- Logo used from 2015–2016
- Created by: Nine Media Corporation Radio Philippines Network
- Developed by: CNN Philippines/CNN
- Presented by: Nicolette Henson-Hizon
- Narrated by: Bong Aportadera
- Theme music composer: Hit Productions, Inc.
- Country of origin: Philippines
- Original language: Kapampangan
- No. of episodes: n/a (airs daily)

Production
- Production locations: CNN Philippines Newscenter Mandaluyong
- Running time: 30 minutes (2014–16) 15 minutes (2016–17)

Original release
- Network: CNN Philippines
- Release: August 4, 2014 – March 31, 2017

= Kapampangan News =

Defunct kapampangan newscast of CNN Philippines

CNN Philippines Kapampangan News was the flagship Kapampangan-language newscast of CNN Philippines. It aired weekdays at 1:15 p.m. (PST) after Cebuano News.

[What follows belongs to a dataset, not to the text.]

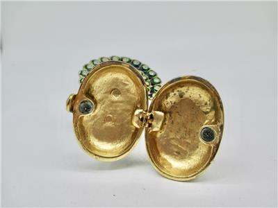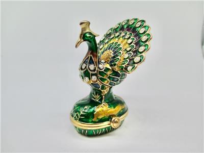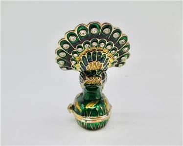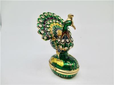 A stunning peacock jewelry box with bright vibrant colors! Treat yourself or someone special to a unique and fun jewelry and trinket box crafted from enamel and crystals. Use to store small items or they are beautiful to display as they are. Opens on a hinge and has a magnetic closure to keep the box shut securely. It measures 3 inches in height X 2 inches wide X 1 3/4 inches deep. Total weight 134 grams.
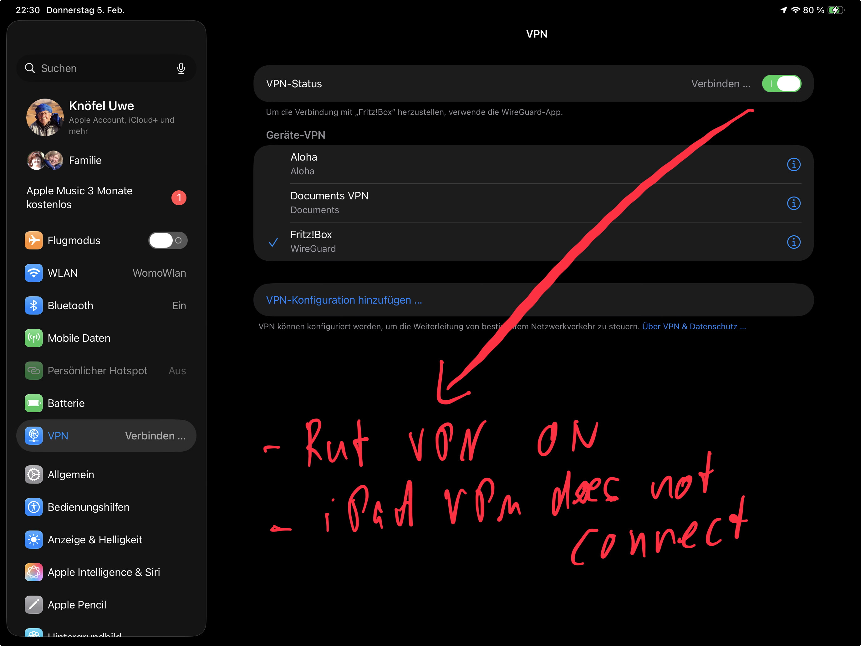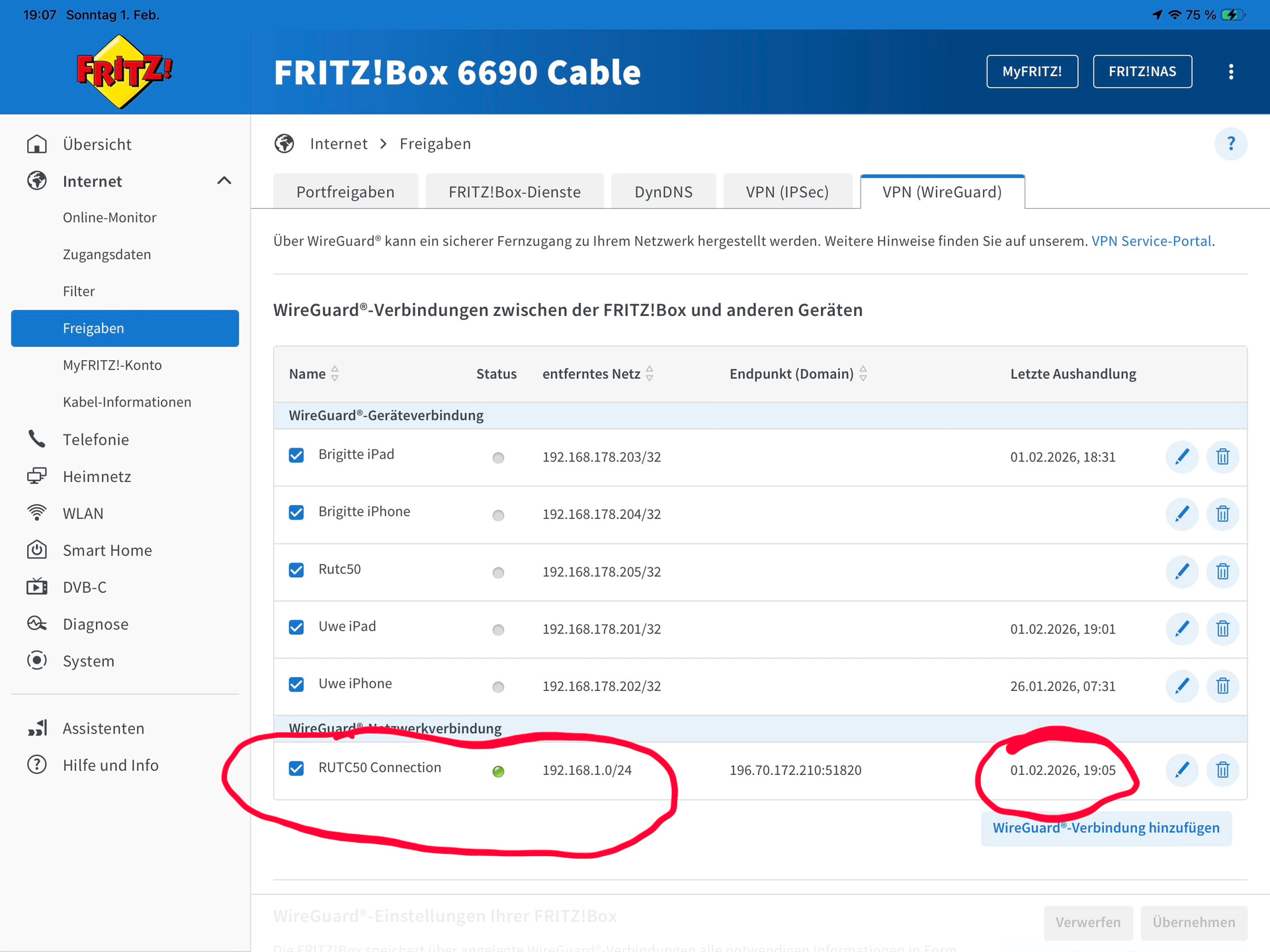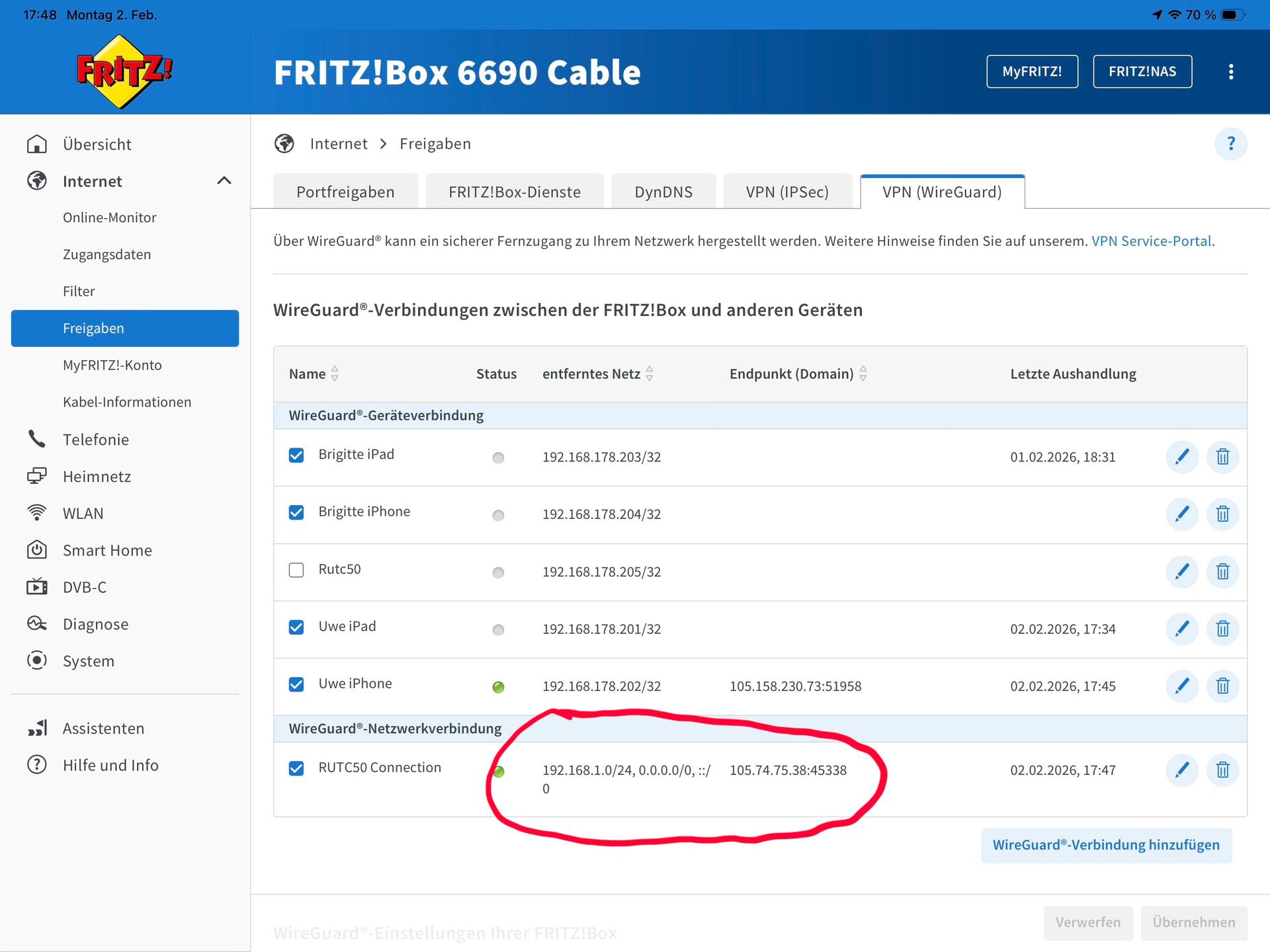 I can reach my FRITZ!Box both with Rutc50 and / or iPad VPN

It was the second regional newscast produced by CNN Philippines, premiering under its predecessor Solar News Channel and the first national newscast in Kapampangan.

==Background==
===Premiere===
Following Cebuano News, Kapampangan News was another innovative program by Solar News Channel to deliver its trademark newsgathering in Kapampangan language, the 6th widely spoken language in the Philippines and one of the most widely spoken in Luzon. Kapampangan News was launched on August 4, 2014, with its graphics and title card updated 20 days later (August 24) following channel's rebrand to 9TV. The current incarnation was launched on March 16, 2015, in lieu with the launch of CNN Philippines along with a CNN-themed graphics and a revamped news studio.

===Revamp and cancellation===
On February 15, 2016, Cebuano News and Kapampangan News reduced their timeslot from their half-hour running time to 15 minutes until the network quietly axed the newscast on March 31, 2017.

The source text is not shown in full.